L’origine de ‘L’idée la plus stupide du monde’: Milton Friedman

aucune idée populaire n’a jamais une seule origine. Mais l’idée que le seul but d’une entreprise est de gagner de l’argent pour ses actionnaires a commencé de manière importante avec un article de Milton Friedman dans le New York Times du 13 septembre 1970.

en tant que dirigeant de la Chicago school of economics et lauréat du prix Nobel D’économie en 1976, Friedman a été décrit par The Economist comme « l’économiste le plus influent de la seconde moitié du 20e siècle…éventuellement de tous »., L’impact de l’article du NYT a contribué à George en l’appelant « le plus conséquents public intellectuelle du 20e siècle. »

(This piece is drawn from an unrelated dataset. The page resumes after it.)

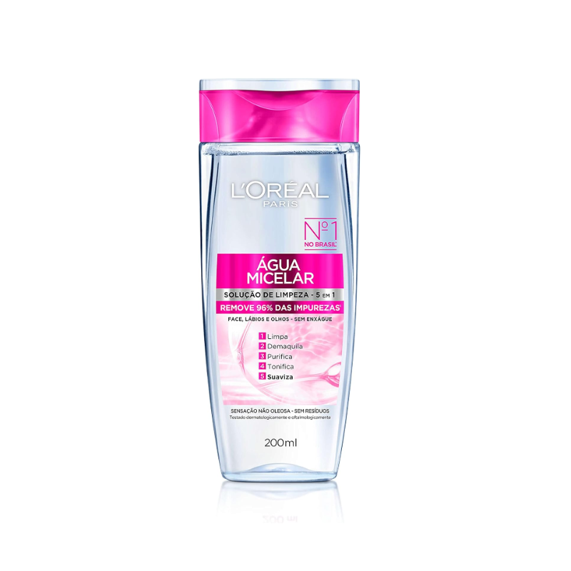 "A Água Micelar Solução de Limpeza 5 em 1 de L'Oréal Paris é composta por partículas chamadas micelas que agem como ímãs captando e eliminando as impurezas e a maquiagem da face. Podendo ser usada no rosto, lábios e olhos, a Água Micelar de L'Oréal Paris limpa, reequilibra, purifica e suaviza até as peles mais sensíveis. São 5 benefícios em um único produto. Para todos os tipos de pele, graças a sua fórmula não oleosa. 5 benefícios em um único produto: 1. Limpa 2. Demaquila 3. Purifica 4. Suaviza 5. Reequilibra Tecnologia: A Água Micelar de L'Oréal Paris é composta por partículas chamadas de micelas que agem como ímãs captando e eliminando as impurezas e a maquiagem da face. Fabricado no Brasil para a pele das brasileiras! Oftalmologicamente e dermatologicamente testado."

L’article de Friedman était féroce. Tous les dirigeants d’entreprise qui poursuivaient un objectif autre que de gagner de l’argent étaient, a-t-il déclaré, « des marionnettes involontaires des forces intellectuelles qui ont miné les bases d’une société libre ces dernières décennies. »Ils étaient coupables de » relâchement analytique et de manque de rigueur. »Ils s’étaient même transformés en » fonctionnaires non élus  » qui taxaient illégalement les employeurs et les clients.,

comment le lauréat du prix Nobel est-il arrivé à ces conclusions? Il est curieux qu’un article qui accuse les autres de « relâchement analytique et de manque de rigueur” assume sa conclusion avant de commencer. « Dans un système de libre entreprise et de propriété privée », l’article déclare catégoriquement au début comme une vérité évidente ne nécessitant aucune justification ou preuve, « un dirigeant d’entreprise est un employé des propriétaires de l’entreprise”, à savoir les actionnaires.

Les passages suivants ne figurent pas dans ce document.